Traditionally, a sweat chloride value > 60 mmol/L (60 mEq/L) has been considered to be diagnostic of cystic fibrosis (CF), a value < 40 mmol/L to be negative for CF, and values between 40 and 60 mmol/L to be borderline.1 For very young infants undergoing a sweat test because of a positive newborn screening test, a borderline range of 30 to 60 mmol/L may be more appropriate.1, 2, 3 Two articles in this issue of The Journal add both clarity and confusion to interpreting what remains the gold standard for the diagnosis of CF.4, 5

See related articles, p 758 and p 857

The Australian group led by Massie has tracked a large cohort of patients and screened infants closely over many years. Now this group has created a database that allows appropriate interpretation of sweat chloride measurements over a wide range of ages.4 Surprisingly, such normative information has been lacking previously.6 This group now reports sweat chloride and sodium determinations in 40 people in each of 6 age categories.4 They excluded carriers of the ΔF508 mutation, relatives of known patients with CF, and individuals with chronic respiratory symptoms, thereby minimizing the likelihood of including results of subjects with mild forms of CF in their reference data. Impressively, the traditional cutoff value for a normal sweat chloride value in a child, < 40 mmol/L, is in almost perfect agreement with their data. Beyond childhood, these investigators noted a gradual but significant rise in normal sweat electrolyte values with age. By young adulthood, the median sweat chloride value in unaffected individuals was 22.7 mmol/L (95th percentile = 59.6 mmol/L). Again, this value is consistent with the accepted belief that a sweat test value > 60 mmol/L is diagnostic of CF. But many unaffected adults in this cohort had sweat chloride values in the range of 40 to 60 mmol/L, which are considered borderline using traditional reference ranges. This is a critical piece of information. Because more adults with chronic respiratory, reproductive, and pancreatic symptoms are rightly undergoing sweat testing, it is vital that these tests be interpreted in an age-appropriate manner. Sharing the results of the study by Mishra et al4 with adult care providers is imperative to avoid unnecessary follow-up testing in patients without CF with sweat chloride values > 40 mmol/L.

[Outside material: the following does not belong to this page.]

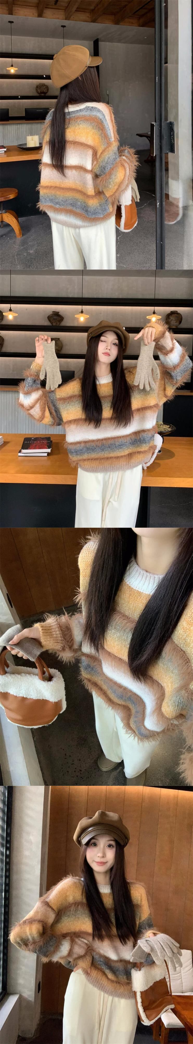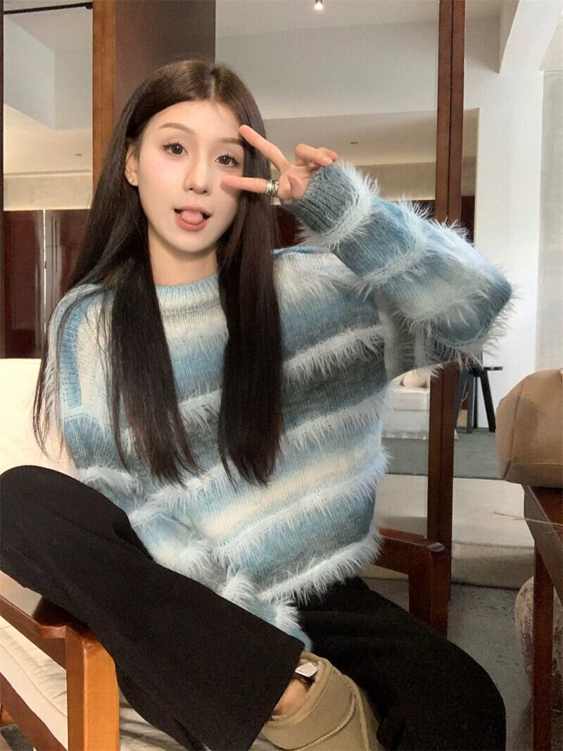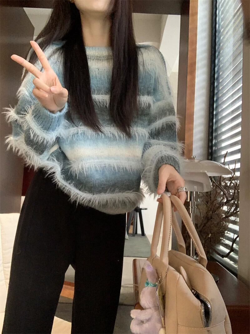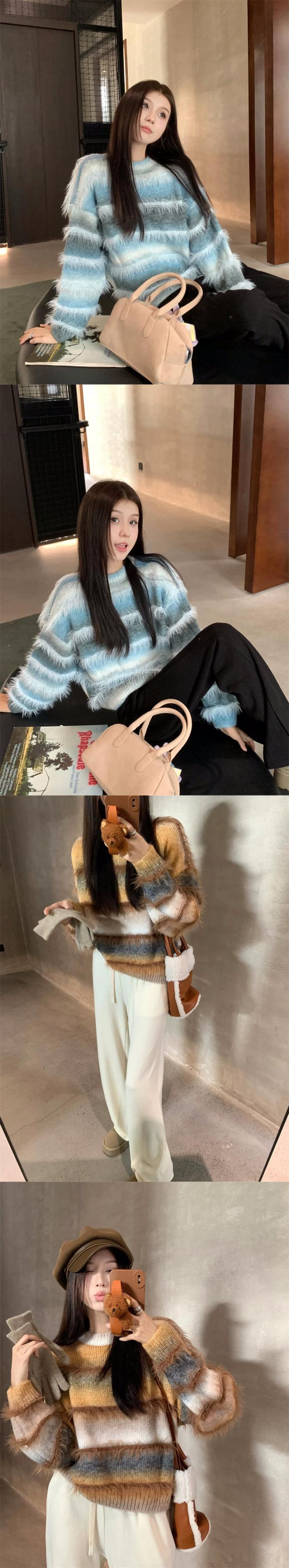 メイラードニットセーター女性の秋冬 2024 新しいグラデーションカラー怠惰なスタイル豪華なルーズ長袖トップ ロング オータム 秋物 ウィンター 冬物 missk1321111492

In a related article, Soultan et al5 address the other end of the age spectrum. They argue that we should consider lowering the accepted upper limit of normal for screened infants with 1 known CF mutation from 30 mmol/L to 24 mmol/L. They propose this value based on their observations in the first 50 infants referred to their center after institution of CF newborn screening. But their proposed lower limit of normal is not consistent with reports from 3 other, larger newborn screening groups. Massie et al7 found ΔF508 carriers had a mean sweat chloride value of 15.5 ± 6.2 mmol/L (n = 270), Farrell et al8 reported a mean sweat chloride value of 14 .9 ± 8.4 mmol/L in carriers of this mutation (n = 128), and Parad et al2 reported an almost identical value (14.7 ± 7.1 mmol/L) in carriers of 1 CF mutation (n = 882). Using these values and Soultan et al's method of mean plus 3 standard deviations makes the acceptable upper limit for a carrier for 1 CF mutation higher, not lower, than the 30 mmol/L currently in use.

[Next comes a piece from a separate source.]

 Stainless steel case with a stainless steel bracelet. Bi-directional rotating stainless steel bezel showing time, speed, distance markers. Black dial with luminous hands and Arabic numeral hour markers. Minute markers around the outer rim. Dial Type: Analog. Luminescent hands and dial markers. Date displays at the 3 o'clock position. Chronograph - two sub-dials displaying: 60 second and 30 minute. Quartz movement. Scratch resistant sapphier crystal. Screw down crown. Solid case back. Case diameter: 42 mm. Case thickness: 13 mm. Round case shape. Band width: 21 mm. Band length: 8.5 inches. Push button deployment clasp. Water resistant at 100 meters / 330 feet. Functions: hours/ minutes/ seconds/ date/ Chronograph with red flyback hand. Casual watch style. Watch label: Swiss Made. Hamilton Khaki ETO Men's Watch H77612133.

Out of nearly 300 children tested, Soultan et al identified 3 with sweat chloride values between 24 and 30 mmol/L. In most centers, these children would be deemed unaffected carriers. These children underwent extensive (and expensive) genetic testing and were found to be heterozygous for the ΔF508 mutation and the 5T-12TG variant, which may or may not be associated with disease. Although a small number of children with an additional CF variant may be detected by expanding the borderline range, any benefit to knowing about these variants at this time is purely speculative. Will the child ever develop fulminate CF? If so, will it manifest in childhood? Will an intervention in childhood change the course or lifetime burden of illness? Based on the few case reports of people carrying this genetic combination (ΔF508/5T-12TG) and the large pool of people who likely have the same genetic background but no illness,9 it appears that the answer to all 3 questions is “no.”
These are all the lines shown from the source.